As a preferred embodiment of the present invention, the fixed portion 22 of the lens driving device 2 has four magnets 221, the cross section of the iron shell 222 is a square with a right angle, and the four magnets 221 are respectively fixed to the four lead angles of the square iron shell 222. position.

The number of the magnets 221 may be several or the magnets 221 may be in a ring shape, and the magnets 221 and the iron shells 222 may be arranged in other arrangements as long as the gap between the lens frame 211 and the iron shell 222 can be reduced. Within the scope of protection of the invention.

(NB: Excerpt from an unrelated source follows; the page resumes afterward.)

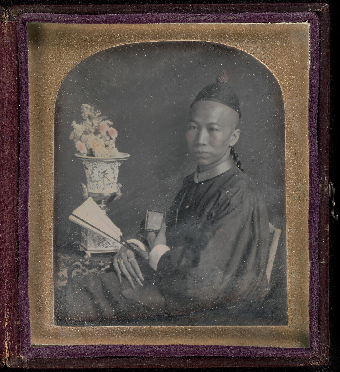 Boston’s short-lived Chinese Museum, which opened on September 8, 1845, and closed in 1847, was created on the heels of the Treaty of Wanghia, a diplomatic agreement between the United States and China. An experiment in cultural understanding, the museum attempted to illuminate Chinese character and institutions with the help of two Cantonese cultural ambassadors: the poet and music teacher, Le-Kaw-hing; and the “Writing Master,” T’sow-Chaoong, who is pictured here. Elegantly posed beside a porcelain vase of cut flowers, T’sow-Chaong holds a fan in one hand and a daguerreotype in the other; these attributes, in addition to his long fingernails, emphasize his status as a gentleman and scholar. At the museum, he demonstrated calligraphy and provided visitors, including the poet Emily Dickinson, with calling cards on which he wrote their names in Chinese symbols.

The above is only the preferred embodiment of the present invention, and is not intended to limit the present invention. Any modifications, equivalent substitutions and improvements made within the spirit and principles of the present invention should be included in the protection of the present invention. Within the scope.

1‧‧‧Lens driver

11‧‧‧Lens frame

12‧‧‧ iron shell

13‧‧‧ magnet

14‧‧‧ coil

2‧‧‧Lens driver

21‧‧‧ sports section

22‧‧‧Fixed part

211‧‧‧Lens frame

212‧‧‧ coil

213‧‧‧ lens

214‧‧‧iron ring

221‧‧‧ Magnet

222‧‧‧ iron shell

231‧‧‧ pedestal

232‧‧‧Upper spring

233‧‧‧ Lower spring piece

234‧‧‧Contacts

241‧‧‧ bumps

242‧‧‧ Groove

251‧‧‧Upper insulation sheet

252‧‧‧lower insulation sheet

1 is a schematic cross-sectional view of a lens driving device provided by the prior art; FIG. 2 is a schematic exploded view of a lens driving device according to an embodiment of the present invention; FIG. 3 is a schematic top view of a lens driving device according to an embodiment of the present invention; A perspective view of a lens driving device according to an embodiment of the present invention is shown in a cross-sectional view along line AA of FIG. 3. FIG. 5 is a perspective view of a moving portion of a lens driving device according to an embodiment of the present invention.

2‧‧‧Lens driver

21‧‧‧ sports section

22‧‧‧Fixed part

211‧‧‧Lens frame

212‧‧‧ coil

213‧‧‧ lens

214‧‧‧iron ring

221‧‧‧ Magnet

222‧‧‧ iron shell

231‧‧‧ pedestal

232‧‧‧Upper spring

233‧‧‧ Lower spring piece

234‧‧‧Contacts

241‧‧‧ bumps

242‧‧‧ Groove

251, 252‧‧ ‧ insulating sheet

Claims (7)

A lens driving device comprising: a moving portion including a coil, a lens frame and a hoop, the coil being fixed on the lens frame, the iron ring abutting on an outer side of the lens frame; and a fixing portion including a magnet And an iron shell fixed to an inner side of the outer ring of the iron shell, the iron shell comprising an outer ring and a yoke extending inwardly from a top end of the outer ring, the yoke being provided with a seat a through hole corresponding to the lens frame; wherein the moving portion is located in the fixed portion, and a gap exists between the fixed portion and the moving portion, and the iron ring and the iron shell together form an excitation Component. The lens driving device of claim 1, wherein the coil is further connected to the iron ring, and the iron ring is located between the coil and the lens frame. The lens driving device of claim 1, wherein the lens driving device further comprises a base, an upper spring piece and a lower spring piece, wherein the inner ring of the upper spring piece and the lower spring piece respectively and the coil The two ends of the upper spring piece and the lower spring piece have contact pieces on the outer ring, and the upper spring piece and the lower spring piece are connected to the base through the contact piece. The lens driving device of claim 3, wherein the base has a protrusion, the lens frame has a groove, and the protrusion and the groove are matched. The lens driving device according to claim 1, wherein the lens driving device The fixed portion includes four magnets. The lens driving device of claim 5, wherein the iron shell has a square cross section at a right angle, and the four magnets are respectively fixed at four chamfering positions of the square iron shell. The lens driving device of claim 3, wherein an upper insulating sheet is disposed between the upper surface of the iron shell and the upper spring sheet, and a lower surface of the iron shell is disposed between the lower surface and the lower spring sheet. Insulation sheet.